Ngāti Whātua Ki Ōrākei Whai Maia's CEO Tupara Morrison said it didn't end there, with the waka garnering plenty of attention at the Emirates Team New Zealand base in San Francisco, where is has been for the past four years.
"We had 400,000 people go through in 2011, and again with Emirates Team New Zealand taking it to San Francisco, and alongside NZTE [New Zealand Trade and Enterprise], 300,000 people everyday crossing the Oakland Bridge and seeing it at Pier 32, at Team New Zealand's base."
But Mr Morrison said it was time to pass it to another group to enjoy.

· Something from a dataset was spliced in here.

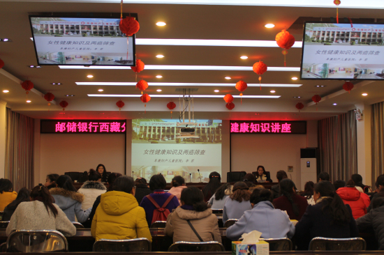 2016年3月7日下午,在三八婦女節(jié)即將來臨之際,我院李君副院長受邀于西藏電信公司及中國郵政儲蓄銀行西藏自治區(qū)分行進(jìn)行女性健康知識、備孕二胎媽媽孕前檢查及“兩癌”篩查健康知識講座,并就女性“宮頸癌”、“乳腺癌”兩大癌癥預(yù)防篩查等健康知識作出詳細(xì)講解。
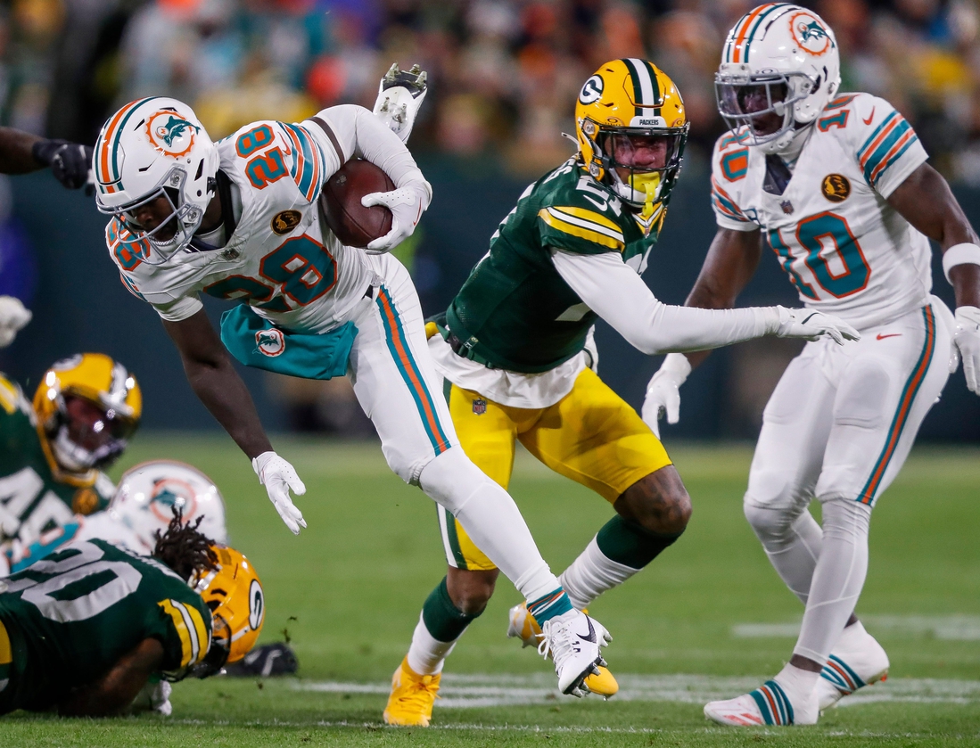 Rodgers has played every game while his much younger Dolphins counterpart, Tua Tagovailoa, 26, missed time with yet another concussion. Tagovailoa has been limited to eight games, and Miami is 4-4 in those contests. Since he returned from injury, the Dolphins have scored at least 23 points in five of six games.

Ngā Pōtiki hapu hasn't announced how the waka will be used but local Iwi member Te Awanuiarangi Black is still excited about its imminent arrival.
"I think it's important for Tauranga to establish its own Maori identity.
"We have all of these cruise ships, we have a lot of people that come, but there's nothing really to see where Maori are in the mix. I think something like this might just give that bit of an outlet.
While a giant waka on Tauranga's seascape might not appeal to everyone, Mr Black said the waka had the potential to set the city apart from others.
"Once we've got that and people start to see, 'Oh wow, you know, this Maori stuff isn't too bad' - then we're on to the winning straight."
The waka was dubbed Tuppawaka or Plastic waka by former MP Shane Jones but Mr Morrison said it was crafted from quality award-winning materials, giving it a lifespan of about 20 to 25 years
"It's 82m long, and it's crafted from laminated timber and it's covered with this white membrane skim.
"It actually won the 2012 Industrial Fabric Association's international award for excellence at their expo, in Boston."
Waka Māori is currently on its way home from San Francisco.
Mr Morrison said when it arrived home it would be prepared for a significant ceremony where its mauri, or lifeforce, will be passed over.
"When it went to San Francisco, we sent a delegation of our kaumatua with it.
"When the waka arrives back in New Zealand, our kaumatua will give the blessing for the waka to move on, and we'll do that in conjunction with the local mana whenua."
Mr Black said the two iwi had a long history and the waka would be another connection.
"It's not about buying a canoe. It's about us connecting again as whanau, that hopefully our mokopuna there know that all of those are there, because this is our way of retaining and maintaining that whanangatanga into the future."
No one would say how much Waka Māori was bought for but it cost about $2 million to make and run, of which the tax payer paid $1.9m.
Other government investments at the time it was built were the World Cup Cloud and the Giant Football which cost $14.6m combined.